The high tech swimwear that folks are using these days is far from smooth. One I saw had little triangular projections all over it – felt as rough as a pinecone.

Dirty aircraft are not the same as surfaces with CFD designed “rough” surfaces. Dirty planes will always be slower, it just may not be material in a particular airframe.

EGTK Oxford

Only laminar airfoils can be affected by normal dirt or insects

Only laminar airfoils can be affected by normal dirt or insects

Do you expect us to just accept this statement? Any proof?

EGTK Oxford

No proof, but one of my best friends is a Professor of Aerodynamics. Among other things he was one of the scientists who developed the “shark skin” foil that was tested on an A320 wing. He has told me this several times, and I simply chose to believe him.

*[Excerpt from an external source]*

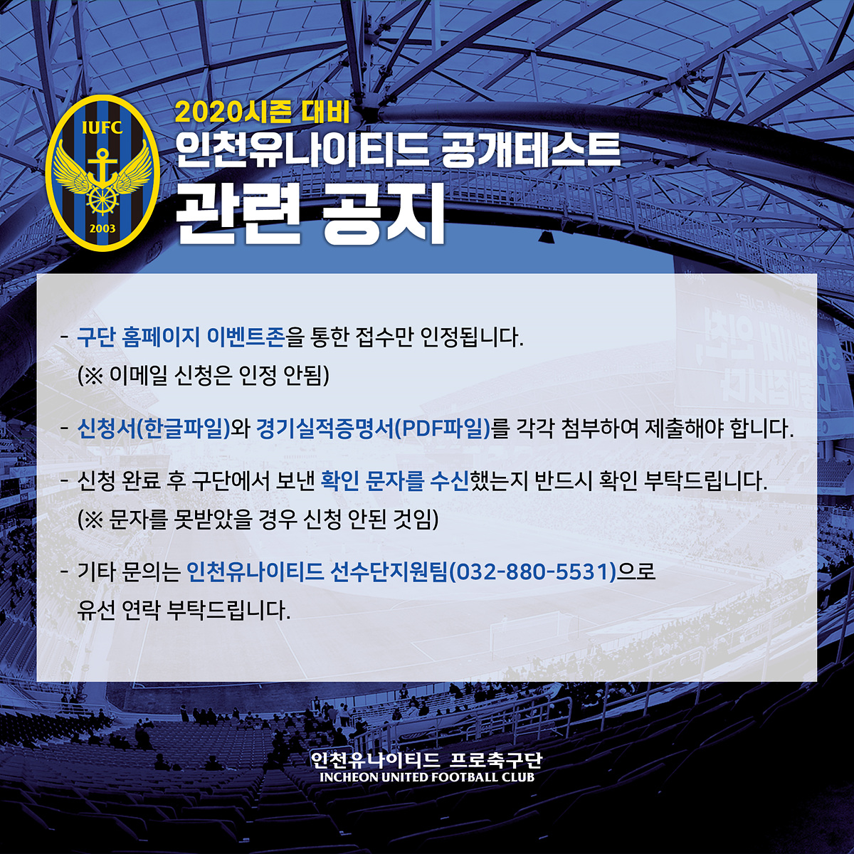 현재 2020시즌 대비 인천유나이티드 프로축구단 공개테스트 지원서가 구단 이메일로 접수되는 사례가 빈번히 발생되고 있습니다.
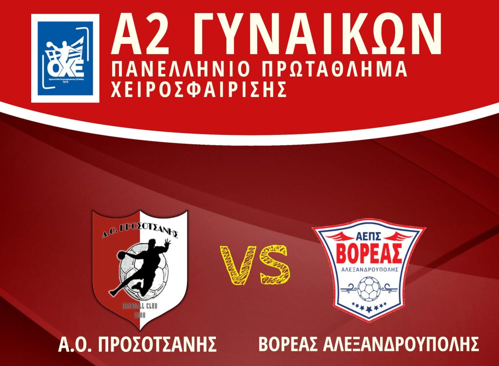 Tην  Κυριακή 22 Ιανουαρίου 2023 στις 16:00 στο Κλειστό Γυμναστήριο Προσοτσάνης “ΓΕΏΡΓΙΟΣ ΜΑΚΡΗΣ” θα διεξαχθεί ο αγώνας Α.Ο. ΠΡΟΣΟΤΣΑΝΗΣ – ΒΟΡΕΑΣ ΑΛΕΞΑΝΔΡΟΥΠΟΛΗΣ, στο πλαίσιο του Πανελλήνιου Πρωταθλήματος Χειροσφαίρισης της Α2 ΓυναικώνΑμέσως μετά τον πολύ σημαντικό αγώνα των Γυναικών για την Α2 τη σειρά παίρνουν τα τμήματα υποδομής για τα ηλικιακά Πρωταθλήματα της Ε.Σ.Χ.Α.ΜΑ.Θ.!

There is equally no obvious proof that

Dirty planes will always be slower

It must depend on the kind of “dirt”.

Administrator
Shoreham EGKA, United Kingdom
LSZK, Switzerland

Oh, come on. It’s simply logical to believe a professor of aerodynamics rather than a pilot. I have no personal interest in proving this, my plane is fast enough even with bugs.

In the same way that tips to Speed up your PC or How to speed up a Slow Windows never work, neither does cleaning a plane make it measurably faster.

However upgrading to a newer, more powerful PC does work, and so will upgrading to a more powerful aeroplane.

JasonC wrote:

Only laminar airfoils can be affected by normal dirt or insects
Do you expect us to just accept this statement? Any proof?

I can show you proof.

My hot-rod; true laminar flow wing profiled Lancair Columbia would demonstrate this.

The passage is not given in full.